Kamilla Pietrzyk is a Ph.D. Candidate in the Department of Political Science at York University. She is currently completing her dissertation titled “Time, Technology and Troublemakers: ‘fast activism’ and the alter-globalization movement in Canada” under the supervision of professor Leo Panitch. She holds a BA and MA in Media Studies from Western University.

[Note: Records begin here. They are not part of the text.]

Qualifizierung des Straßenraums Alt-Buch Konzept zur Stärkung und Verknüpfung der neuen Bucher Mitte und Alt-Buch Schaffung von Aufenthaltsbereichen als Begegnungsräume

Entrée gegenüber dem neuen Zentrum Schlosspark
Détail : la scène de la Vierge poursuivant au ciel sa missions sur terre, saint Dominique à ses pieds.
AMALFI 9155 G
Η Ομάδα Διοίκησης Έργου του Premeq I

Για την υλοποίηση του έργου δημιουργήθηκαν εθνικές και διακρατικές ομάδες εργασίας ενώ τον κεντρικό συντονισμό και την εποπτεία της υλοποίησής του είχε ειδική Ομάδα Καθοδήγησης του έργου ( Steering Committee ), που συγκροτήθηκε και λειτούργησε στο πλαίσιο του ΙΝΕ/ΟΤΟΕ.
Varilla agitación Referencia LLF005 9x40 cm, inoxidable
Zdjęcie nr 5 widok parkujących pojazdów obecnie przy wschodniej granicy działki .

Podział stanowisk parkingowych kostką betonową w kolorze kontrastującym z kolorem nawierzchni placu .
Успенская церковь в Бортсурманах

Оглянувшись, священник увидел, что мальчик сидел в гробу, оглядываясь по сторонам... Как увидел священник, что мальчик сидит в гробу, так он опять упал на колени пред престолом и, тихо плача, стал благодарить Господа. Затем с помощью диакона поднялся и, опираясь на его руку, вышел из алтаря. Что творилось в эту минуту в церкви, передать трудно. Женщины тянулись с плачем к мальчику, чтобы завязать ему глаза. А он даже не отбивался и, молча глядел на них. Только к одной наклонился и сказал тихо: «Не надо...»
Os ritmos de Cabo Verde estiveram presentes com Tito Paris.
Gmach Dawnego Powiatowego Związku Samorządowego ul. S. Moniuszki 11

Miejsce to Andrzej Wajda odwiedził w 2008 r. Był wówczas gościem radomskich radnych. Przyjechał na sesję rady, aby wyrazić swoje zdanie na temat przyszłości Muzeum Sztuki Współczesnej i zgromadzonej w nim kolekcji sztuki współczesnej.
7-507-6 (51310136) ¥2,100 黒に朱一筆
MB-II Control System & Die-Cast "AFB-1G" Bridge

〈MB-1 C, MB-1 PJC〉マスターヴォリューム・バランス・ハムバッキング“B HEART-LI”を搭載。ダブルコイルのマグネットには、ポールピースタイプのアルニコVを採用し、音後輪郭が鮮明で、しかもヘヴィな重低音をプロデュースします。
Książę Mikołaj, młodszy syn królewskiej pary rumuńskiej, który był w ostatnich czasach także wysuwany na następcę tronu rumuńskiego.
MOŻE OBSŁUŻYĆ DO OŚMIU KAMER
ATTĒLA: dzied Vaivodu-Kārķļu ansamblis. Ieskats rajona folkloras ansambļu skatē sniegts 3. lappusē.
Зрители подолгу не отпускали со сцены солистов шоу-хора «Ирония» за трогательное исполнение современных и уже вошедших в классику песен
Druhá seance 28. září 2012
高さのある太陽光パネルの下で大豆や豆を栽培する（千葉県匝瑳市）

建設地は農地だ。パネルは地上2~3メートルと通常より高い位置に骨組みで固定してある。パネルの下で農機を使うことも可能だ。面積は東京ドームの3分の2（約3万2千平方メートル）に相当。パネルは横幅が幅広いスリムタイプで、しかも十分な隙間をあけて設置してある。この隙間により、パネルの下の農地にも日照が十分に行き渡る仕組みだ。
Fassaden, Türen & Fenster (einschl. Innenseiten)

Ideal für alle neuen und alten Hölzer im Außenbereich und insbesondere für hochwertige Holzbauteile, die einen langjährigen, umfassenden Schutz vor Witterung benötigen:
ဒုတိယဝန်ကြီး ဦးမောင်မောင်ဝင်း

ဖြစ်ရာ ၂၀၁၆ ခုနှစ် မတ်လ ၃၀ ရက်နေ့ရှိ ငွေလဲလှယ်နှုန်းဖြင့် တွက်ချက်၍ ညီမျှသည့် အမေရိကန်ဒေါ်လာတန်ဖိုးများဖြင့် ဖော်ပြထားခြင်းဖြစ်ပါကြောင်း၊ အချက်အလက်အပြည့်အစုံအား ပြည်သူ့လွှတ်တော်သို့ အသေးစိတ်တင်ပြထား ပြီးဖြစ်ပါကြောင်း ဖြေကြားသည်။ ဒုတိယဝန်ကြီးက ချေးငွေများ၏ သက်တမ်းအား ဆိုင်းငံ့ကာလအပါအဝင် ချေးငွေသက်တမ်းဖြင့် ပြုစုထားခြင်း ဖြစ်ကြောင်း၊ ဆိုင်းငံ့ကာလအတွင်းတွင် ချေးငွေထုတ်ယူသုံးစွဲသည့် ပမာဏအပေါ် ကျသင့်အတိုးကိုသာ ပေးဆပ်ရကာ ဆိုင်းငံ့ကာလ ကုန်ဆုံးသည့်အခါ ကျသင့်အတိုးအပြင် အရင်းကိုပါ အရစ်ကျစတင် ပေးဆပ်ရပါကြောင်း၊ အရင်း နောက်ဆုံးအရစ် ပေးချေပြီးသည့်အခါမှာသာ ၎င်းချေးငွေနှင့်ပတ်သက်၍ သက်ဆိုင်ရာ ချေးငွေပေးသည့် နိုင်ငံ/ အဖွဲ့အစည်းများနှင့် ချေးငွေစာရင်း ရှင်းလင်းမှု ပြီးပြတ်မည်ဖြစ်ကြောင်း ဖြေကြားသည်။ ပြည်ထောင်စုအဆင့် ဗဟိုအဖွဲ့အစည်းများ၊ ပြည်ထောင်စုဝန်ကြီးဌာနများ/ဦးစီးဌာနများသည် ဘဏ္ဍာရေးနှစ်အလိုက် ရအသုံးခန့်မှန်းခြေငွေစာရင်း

Slowing down fast capitalism?
This paper will argue that one of the major yet generally overlooked continuities between activists of the ‘anti-globalization’ and the Occupy movements is their shared interest in slowing down ‘fast’ or ‘casino capitalism’ by means of a financial transactions tax (FTT). The campaign for the Tobin tax, named after James Tobin, a Nobel-prize winning economist, was first popularized in the late 1990s by the French organization ATTAC (Association pour la taxation des transactions financières et pour l’action citoyenne). With the emergence of the Occupy movement following the financial crisis of 2008, the campaign was rebranded as one advocating a ‘Robin Hood Tax,’ but the idea remained the same: to curb the volatility of financial markets, in effect making the system less sensitive to daily political news and the anticipation of economic policy changes. Using insights of critical political economy, this paper will first theorize the vital role played by mobile, instantaneous information and communication technologies in facilitating the financialization of capital and thereby accelerating capitalism’s inherent propensity toward crisis. The second part of the paper will discuss the trajectory of the Tobin/Robin Hood tax campaign, while the conclusion will provide a critical perspective on the campaign’s promise as well as its potential perils and political limitations.